Amanda spoke to the Original Thinkers Podcast representing the Makers in the Supply Chain Series. As well as exceptional joinery around Tasmania the Merritt family are also making architect and designer’s plans into reality with their technology and craftmanship all the while training the joiners of the future.

A splash of warmth

Amanda told the podcast that Tasmania’s timber heritage is part of her family as well as the backbone of their company. While there is a broad spectrum of work they produce, from internal kitchens, doors and windows to custom products, timber is 80% of their business. Amanda credits the enduring nature of timber to the warmth that it brings to a space;

“I feel most people want that warmth. [Even if a project is mostly] plain white, they usually want a splash of timber. A splash of warmth.” 

Kanamaluka House is a recent project starring joinery work by the Merritt Joinery team.
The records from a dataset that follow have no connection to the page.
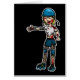 Watch out. The Zombies are coming. They want the brains of all living humans and Roller Derby Girls are no exception! Looks like they got one too, and now she's Hell on Wheels! Better watch out! A cartoon zombified Roller Derby girl in a blue, black and white uniform covered in blood and missing several chunks. She is missing an arm and is wearing a cracked Derby Helmet.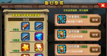 3、玩家完成任务之后可以获得一定的积分,只要积分积攒到一定的数量就可以获得钻石奖励。10积分就可以获得50钻石的奖励,25积分就可以获得100钻石的奖励。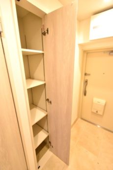 玄関入って左側にある収納です。棚の位置も調整可能なこちらの収納には、生活に必要なストック物や棚を外してかさばる掃除機などもスッポリ収まりそうです。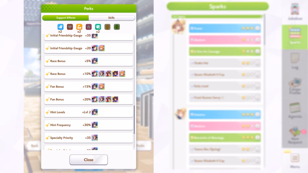 Oleh karena itu, menggunakan Support Card yang memberikan efek Race Bonus tentu sangat bagus karena setiap balapan kamu akan mendapatkan bonus stat dan skill point. Kami merekomendasikan total Race Bonus sedikitnya 50%. Namun, jika kamu bisa mendapatkan lebih dari itu, tentu akan lebih baik.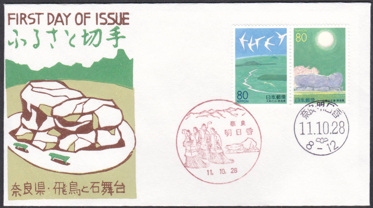 - FDC 1999年 ふるさと切手 奈良県 飛鳥と石舞台 P貼2消し 松屋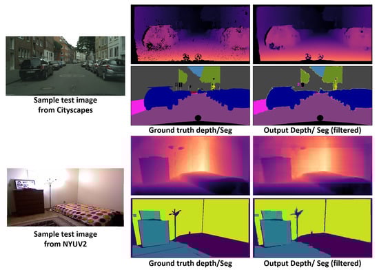 We further trained the proposed method on the simultaneous task of semantic segmentation and depth estimation. NYUV2 provides dense depth data captured by a Kinect sensor that is suitable for direct use, and CITYSCAPES provides disparity data that are equivalent to depth (as the disparity has a linear relationship with the depth). Here, we trained DTS-Net on the disparity without conversion. We trained our main model, DTS-Net, on NYUV2 with an image size of and on Cityscape with an image size of for the depth estimation and semantic segmentation tasks. For the depth estimation, we added a third branch, which was identical to the branch for the segmentation branch, that is, a 1 × 1 × 1024 convolutional layer followed by a DTS layer to construct the depth map. We retained the two main branches, that is, the semantic segmentation branch and the multi-label classification branch. We then trained the network for 1000 epochs under the same hardware configuration, as previously mentioned in Section 4.4. As the depth estimation and semantic segmentation have a common training procedure and the aim is a dense map, we believe that the two tasks help each other. This is confirmed in Section 5, where the accuracy and error values for the depth are reported; these values were obtained simultaneously with the performance of the semantic segmentation task.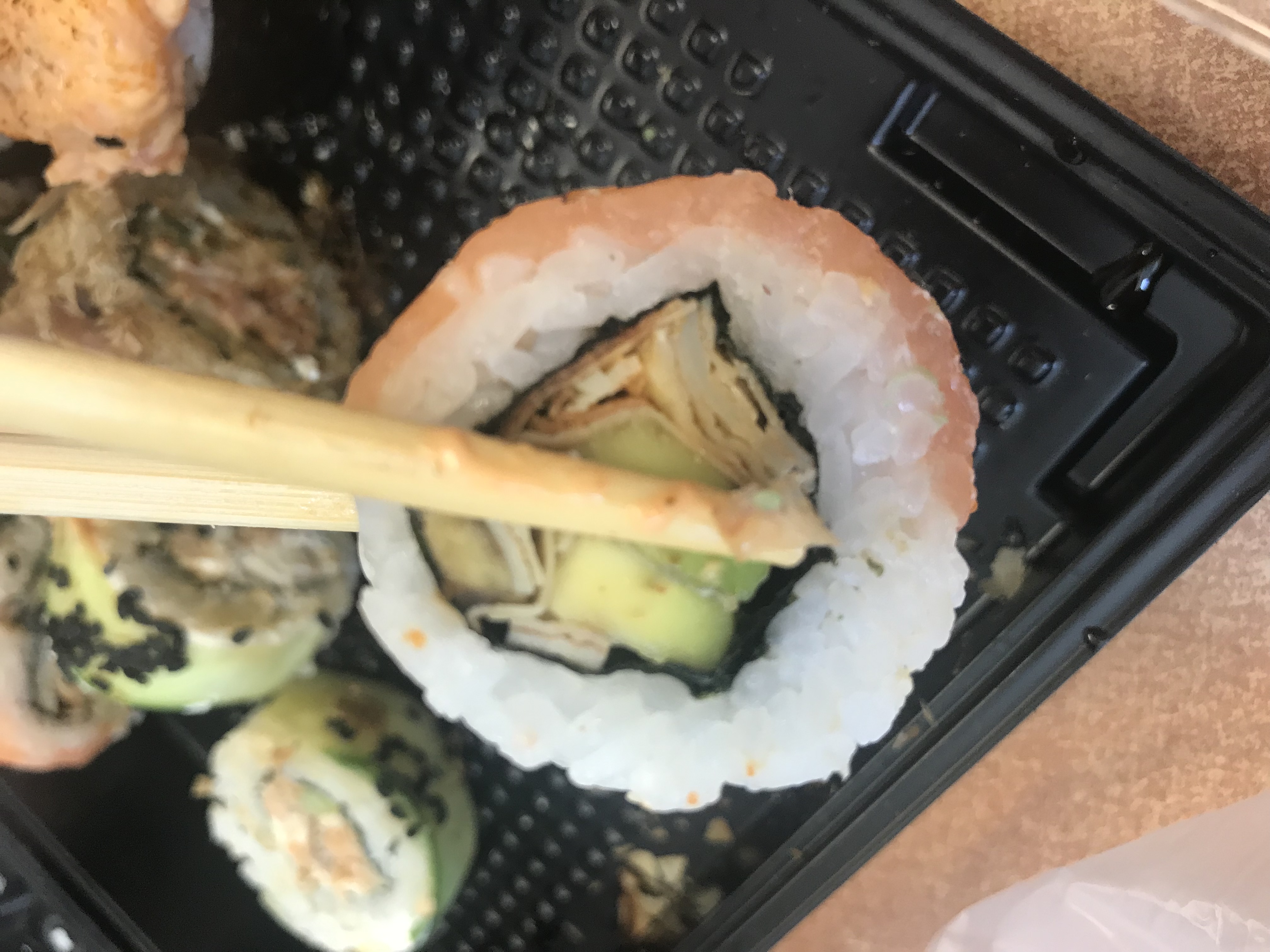 Состав: сунец, авокадо, сливочный сыр, кунжутное масло, картофель пай, соус терияки, кляр, сухари панко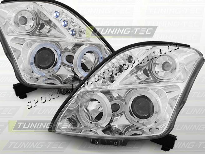 SUZUKI SWIFT 2005-10 PŘEDNÍ ČÍRÁ SVĚTLA ANGEL EYES CHROME

“I enjoy seeing that it’s just not one person that’s doing the job. There’s 10 or more usually involved behind the scenes [working on a project]. It’s lovely to see everyone pull together on a job. They appreciate what they’ve put their hard work into.” Says Amanda

“In [Kanamaluka House] they used a massive range of species throughout the house. A lot of people don’t put that amount of timber into their jobs because I think they get a bit worried about grain and feature. The end result looked amazing.”

Education is key

Throughout her interview on the Original Thinkers Podcast Amanda spoke of the importance of education. From encouraging girls to join trades, to the importance of early and clear communication on jobs, to misinformation about the timber industry.

A recent project, the perforated Tasmanian Oak acoustic celling panels at the University of Tasmania’s Library at Inveresk, was a great example of both an education for her staff and a stunning place for northern Tasmanian students to study.

“It was such a huge project.  And it’s so beautiful to walk into that room and realise that your team made all those panels, to actually see them in that room is quite humbling, and to say that we created that for such a unique space for our university students.”

Speaking about the Tasmanian timber industry as a whole Amanda says that education is the key to people understanding the supply chain, and the value that timber brings to the Tasmanian economy.

“Everyone uses [timber] in everyday life. They don’t realise that everything we use and do these days comes from timber or some sort or another resource. [There needs to be education because] if people can see the whole picture it’s actually not what they think it is.”

The future of Merritt Joinery

As the four adult Merritt children, Ross, Amanda, Scott (Scooter), and Christopher (Snowy) work alongside each other to create the beautiful joinery around the state Amanda spoke of the future:

“We’ve got guys on the floor that have been with us for nearly 25 years. It’s beautiful that they’ve stuck around. They love seeing us grow just as much as working for the company. There’s a few [of our children now] coming through the ranks that we hope one day might want to pick up the reins and keep carrying it through. We’re hoping [the next generation of Merritt’s will continue on the family legacy] I’ll put it that way.”